Machine that could scan the brain and read your dreams: Scanner is so powerful it can detect and reconstruct images of faces people are thinking of
- Scientists have created a machine which can read dreams while we sleep
- US researchers say it is so powerful it can extract images from the brain
- Believe it could be used in future to reconstruct people's memories
- Could collect images of criminals from the minds of witnesses, they say
Scientists have created a machine with the potential to read our dreams while we sleep.
Researchers in the US say it is so powerful that it can extract images from people’s brains and display them on a screen.
The data from the brain scanner has already been used to detect and reconstruct images of faces that people are thinking of.
Researchers believe the same technology could be used in the future to enable them to reconstruct images from people’s memories, imagination and dreams.
Scientists say they have created a machine with the potential to read dreams during sleep (library image)
It could also possibly be used to collect images of criminals from the minds of witnesses.
Alan Cowen, a neuroscientist at the University of California, Berkeley, said: ‘Our methods yield strikingly accurate neural reconstructions of faces.
‘This represents a novel and promising approach for investigating face perception, but also suggests avenues for reconstructing ‘offline’ visual experiences — including dreams, memories and imagination.’
Six volunteers were shown 300 faces while they laid inside an MRI scanner.
Scientists were then able to analyse how their brains responded to dozens of different facial features including blond hair and blue eyes to dark skin and beards.
When they had compiled a database of responses, they showed the volunteers a new set of faces and measured their reaction to each image.
By comparing the second responses to the database, they were able to reconstruct the image they were looking at.
The research is based on a theory that all human processes have a ‘neural correlate’ and that thoughts and feelings are merely a complex pattern of chemical reactions.
Some neuroscientists believe there is the potential to read such patterns if they can only build sensitive enough instruments.
Six volunteers were shown 300 faces while they laid inside an MRI scanner. They then compiled a database of responses used to create the machine
Mr Cowen and his fellow researchers, Brice Kuhl of New York University and Professor Marvin Chun of Yale, believe that extracting facial images is the first step towards eventually producing advanced mind-reading technology.
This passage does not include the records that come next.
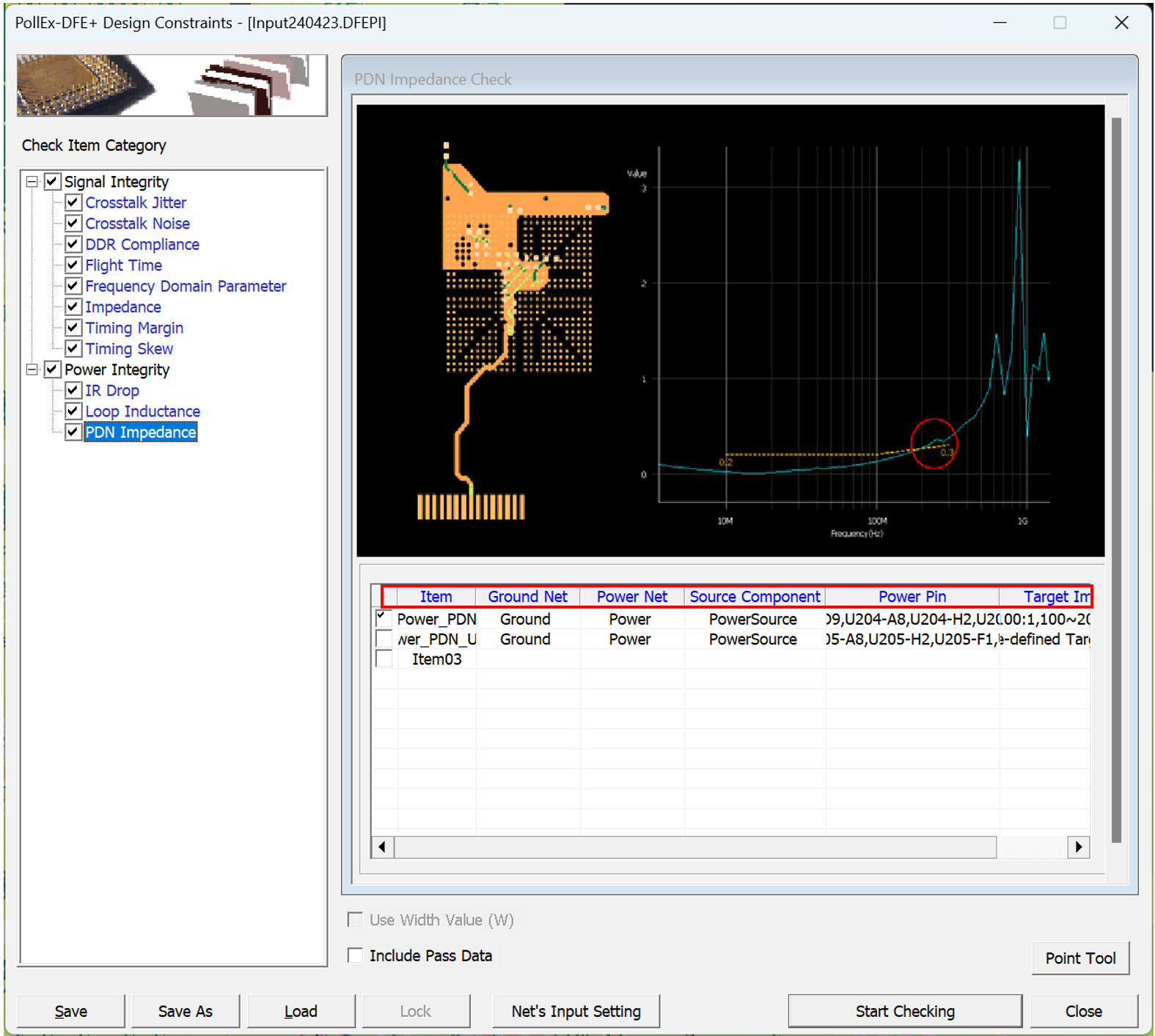 This item checks whether the PDN Impedance of the specified Power pins are higher than the target impedance specified.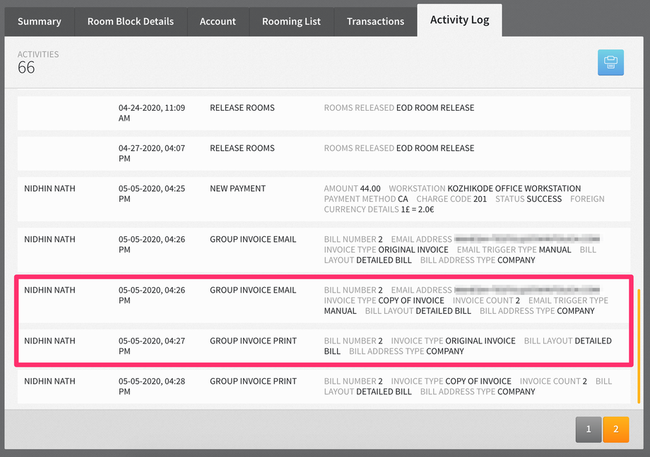 The Stay Card, House Account, and Group Activity Logs now record any attempts to print or email an invoice and re-print or re-email a copy of an invoice.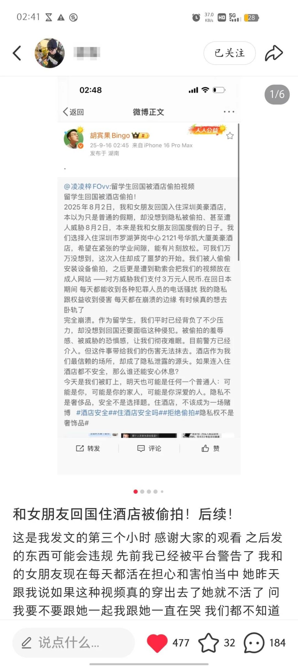 他表示,想不到回國度假,會連入住酒店也不安全,私隱被侵犯,“被偷拍的羞辱感、被威脅的恐懼感,讓我們徹夜難眠”。 事主透露,已就事件報警。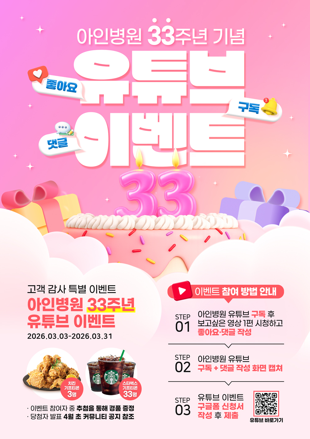 [이벤트] 아인병원 33주년 기념 유튜브 이벤트 안내 🎬🎁 (~3/31)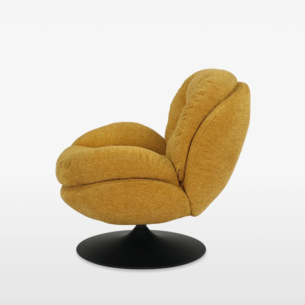 Fotel DUNNE będzie kolorowym akcentem w Twoim wnętrzu. Musztardowy odcień połączysz z butelkową zielenią, granatem i ciemnym drewnem – stworzysz stylową przestrzeń retro.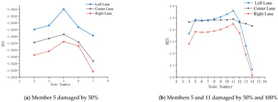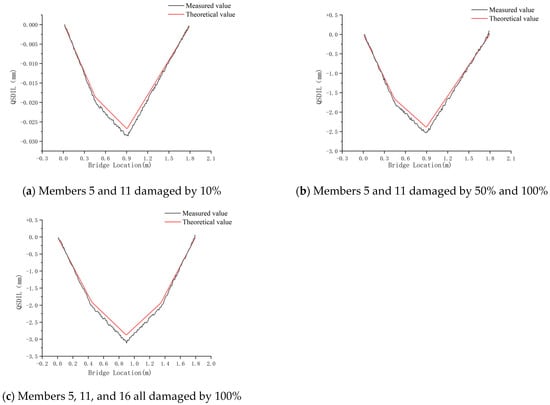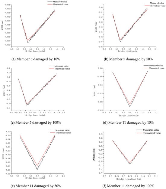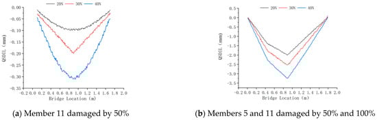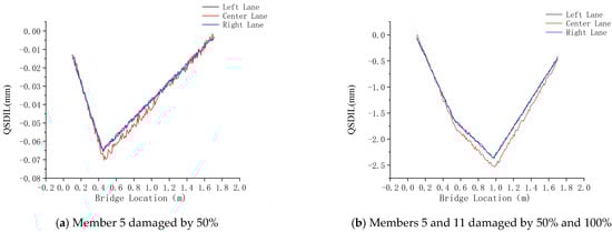 Based on the measurement results from step (4), the displacement influence lines under the assumed damage condition should be subtracted from the displacement influence lines under the undamaged state. This subtraction yields the QSDIL damage index, which is used for the preliminary assessment of bridge structure damage and the rough localization of the damaged area.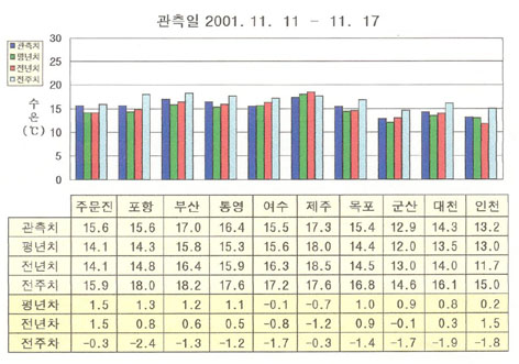 o 전년에 비해 동해 0.5∼1.5도 높게, 여수 및 제주도(1도 낮음)를 제외한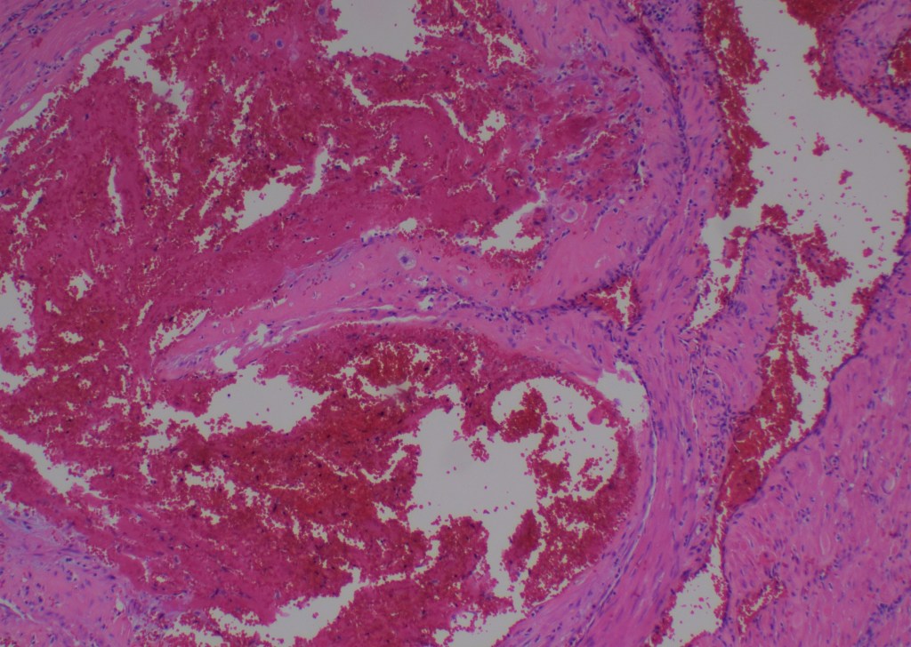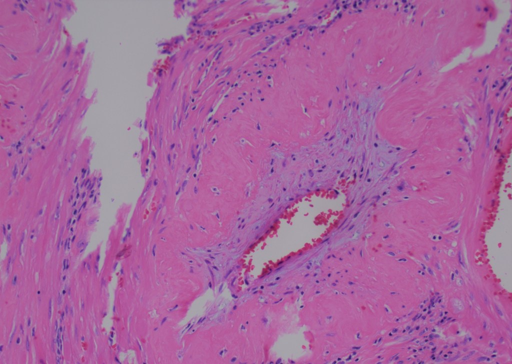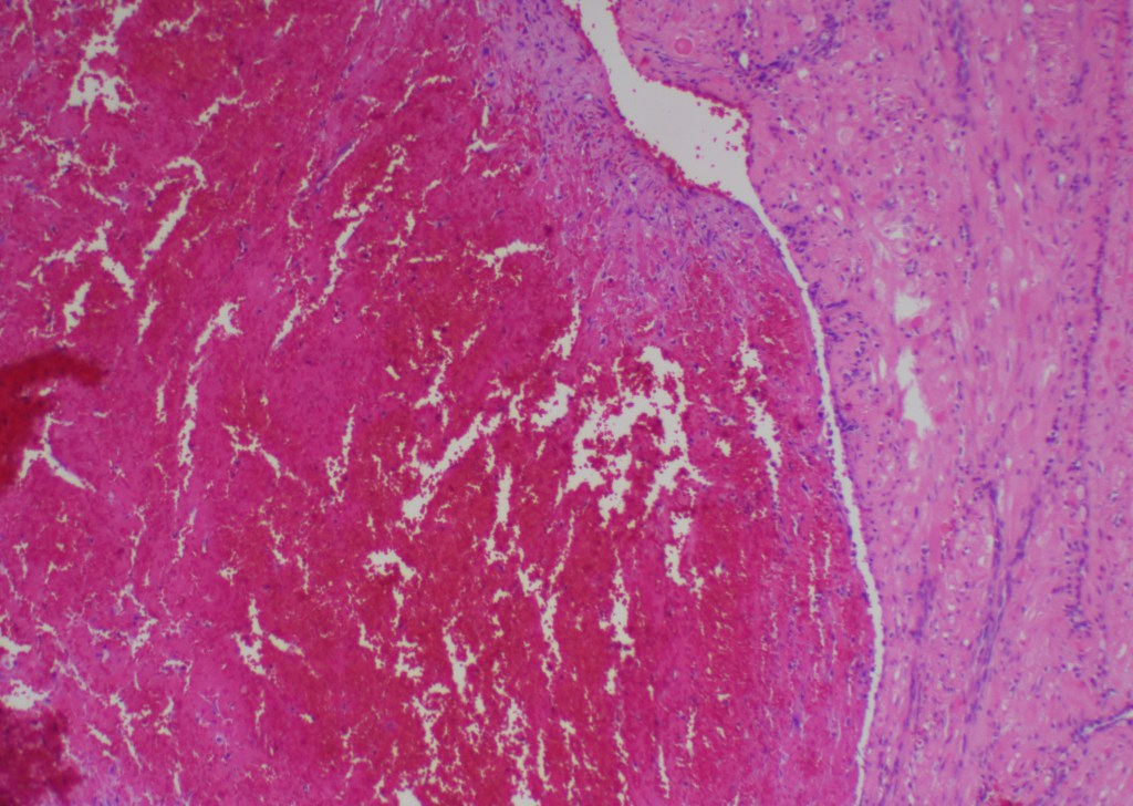 Delayed postpartum hemorrhage is likely to be associated with a pathologic process and one of the reasons I see once or twice a year is a subinvolution of the placental site. It is easy to recognize and yet it can be missed if the pathologist does not think about this entity. After delivery contraction of myometrium closes the arteries and stops the bleeding. The arteries and veins in the implantation site go through a series of changes such as hyalinization, inflammation, intimal proliferation, and organized thrombi.

Mr Kuhl said: ‘I study memory, and it’s hard not to be excited by the prospect of being able to reconstruct the images that we bring to mind when we remember something.
‘We are certainly heading in the direction of reconstructing dreams too. Something that looks like a high-definition movie of your dreams is not going to happen in the immediate future, but we have already seen improvements in the sensitivity of these methods.’
Mr Cowen assured the public that the technology did not enable them to forcibly extract information from subjects, however.
He told Fox News: ‘This sort of technology can only read active parts of the brain. So you couldn’t read passive memories – you would have to get the person to imagine the memory to read it.
‘It’s a matter of time, and eventually – maybe 200 years from now – we’ll have some way of reading inactive parts
of the brain.
‘But that’s a much harder problem, as it involves measuring very fine details of brain structure that we don’t even really understand.’